I only wan't to read, not to change the value of a @State property of my SwiftUI view. In .onAppear the value will be changed but that change is not visible to the outside world. Why?
class MyController : UIHostingController<SwiftUIView> {
public func getText() -> String? {
rootView.text
}
}
struct SwiftUIView: View {
@State public var text: String?
var body: some View {
Text(text ?? "Hello World")
.background(Color.red)
.onAppear {
text = "so und so"
}
}
}
class ViewController: UIViewController {
var subs = Set<AnyCancellable>()
var vc: MyController!
override func viewDidAppear(_ animated: Bool) {
super.viewDidAppear(animated)
vc = MyController(rootView: SwiftUIView())

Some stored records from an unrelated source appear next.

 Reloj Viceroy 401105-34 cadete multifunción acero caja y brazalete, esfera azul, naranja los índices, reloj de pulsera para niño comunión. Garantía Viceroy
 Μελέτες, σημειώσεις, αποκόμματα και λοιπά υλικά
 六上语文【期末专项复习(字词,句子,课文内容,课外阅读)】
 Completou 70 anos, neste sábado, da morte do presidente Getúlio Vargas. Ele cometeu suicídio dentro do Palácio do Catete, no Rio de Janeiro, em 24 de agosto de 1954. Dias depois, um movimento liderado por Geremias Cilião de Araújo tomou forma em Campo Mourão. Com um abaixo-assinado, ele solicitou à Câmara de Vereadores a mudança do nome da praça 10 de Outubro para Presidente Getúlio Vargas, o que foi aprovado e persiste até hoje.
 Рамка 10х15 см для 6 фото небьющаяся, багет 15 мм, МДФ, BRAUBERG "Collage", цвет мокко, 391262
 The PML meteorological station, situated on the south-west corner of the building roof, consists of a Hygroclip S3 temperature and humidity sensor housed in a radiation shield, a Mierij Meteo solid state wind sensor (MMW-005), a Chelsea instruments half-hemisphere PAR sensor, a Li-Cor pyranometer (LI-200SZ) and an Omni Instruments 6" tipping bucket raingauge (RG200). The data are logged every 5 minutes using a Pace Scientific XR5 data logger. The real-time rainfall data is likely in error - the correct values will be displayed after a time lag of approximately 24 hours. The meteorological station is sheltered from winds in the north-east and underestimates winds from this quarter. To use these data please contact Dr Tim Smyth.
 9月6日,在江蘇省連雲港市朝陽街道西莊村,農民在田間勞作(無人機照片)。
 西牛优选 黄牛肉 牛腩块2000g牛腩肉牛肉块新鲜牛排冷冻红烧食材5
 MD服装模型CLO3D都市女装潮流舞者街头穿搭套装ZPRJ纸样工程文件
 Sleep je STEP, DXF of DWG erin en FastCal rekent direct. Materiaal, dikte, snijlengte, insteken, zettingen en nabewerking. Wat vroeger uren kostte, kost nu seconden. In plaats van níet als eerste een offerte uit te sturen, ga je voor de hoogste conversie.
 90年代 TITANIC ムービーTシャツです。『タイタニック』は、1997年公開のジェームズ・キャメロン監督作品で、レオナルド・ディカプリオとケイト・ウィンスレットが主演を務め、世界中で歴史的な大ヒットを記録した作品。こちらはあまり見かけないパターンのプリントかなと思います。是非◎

vc.view.backgroundColor = UIColor.green
addChild(vc)
view.addSubview(vc.view)
vc.view.frame = view.bounds
print("text = \(vc.getText() ?? "nil")")
Timer.publish(every: 1, on: .current, in: .default)
.autoconnect()
.receive(on: RunLoop.main)
.sink { _ in
print("text = \(self.vc.getText() ?? "nil")")
}
.store(in: &subs)
}
}
I know that @State and @ObservedObject exists. @State is for internal managed, @ObservedObject for external managed states. But I don't want to change the value, I only wan't to read. But why is that not possible and why is the return value nil? That's simply wrong. It's no timing problem.
Declare the value in the
ViewController
and pass it down to theSwiftUIView
.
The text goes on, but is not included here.